Ex. ¡Oh yá isla católica patente! Herrera. [Hiatus.]

Ex. ¿Sabes tú^á dónde va? p. 178, XXXVIII, l. 4. [Synalepha.]

II. RHYTHMIC ACCENT

The second essential element of Spanish verse is a rhythmic distribution of accents within a line. Words have an accent of their own and another stronger accent on account of their position in a verse.

This extraordinary accentual stress, which strengthens periodically certain naturally accented syllables of a verse, is known as rhythmic accent. It plays somewhat the same rôle as did quantity in Latin verse. All other accents and pauses in the verse are subservient to the rhythmic accent.

Spanish verse being accentual, however, and not quantitative, the terms used to determine the regular recurrence of long and short syllables in Latin verse are not very applicable to it, and few compositions are regular in the arrangement of the stress.

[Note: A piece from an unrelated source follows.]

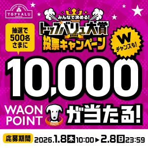 抽選で500名さまに10,000WAON POINTが当たる! 詳しくは画像をクリックしてキャンペーンページをご確認ください。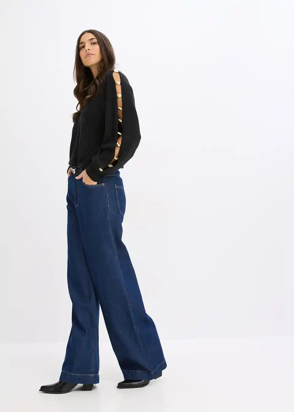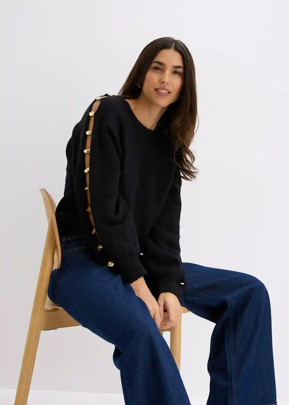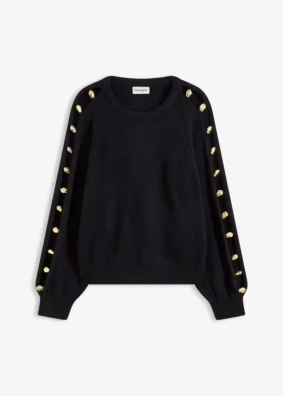 Pulover s okruglim izrezom i dugim rukavima s prorezom i aplikacijom od zlatnih metalnih perli

A. LATIN TERMS OF VERSIFICATION APPLIED TO SPANISH VERSE

As Latin terms of versification are sometimes applied to Spanish verse, the following rules may be helpful.

  1. A trochaic octosyllabic line, for example, substituting stress for quantity, would be scanned
  2. / — | / — | / — | / —,
  3. with the stress on the first, third, fifth, and seventh syllables.
  4. Iambic verse would have a regular alternation of unaccented and accented syllables, — / — /, etc.
  5. Dactylic verse would have a regular recurrence of an accented syllable followed by two unaccented syllables, etc.
  6. / — — | / — — |, etc.
  7. Amphibrachic verse would be formed by a regular recurrence of three syllables of which the middle one would be stressed, — / —. This construction is sometimes followed in lines of twelve syllables (p. 164, I, 1. 2), and also in lines of six syllables (p. 167, VII, 1.-4).
  8. Anapestic verse consists of a regular recurrence of two unstressed syllables preceding a stressed syllable, — — /. This is sometimes found in ten-syllable lines (p. 164, I, 1. i).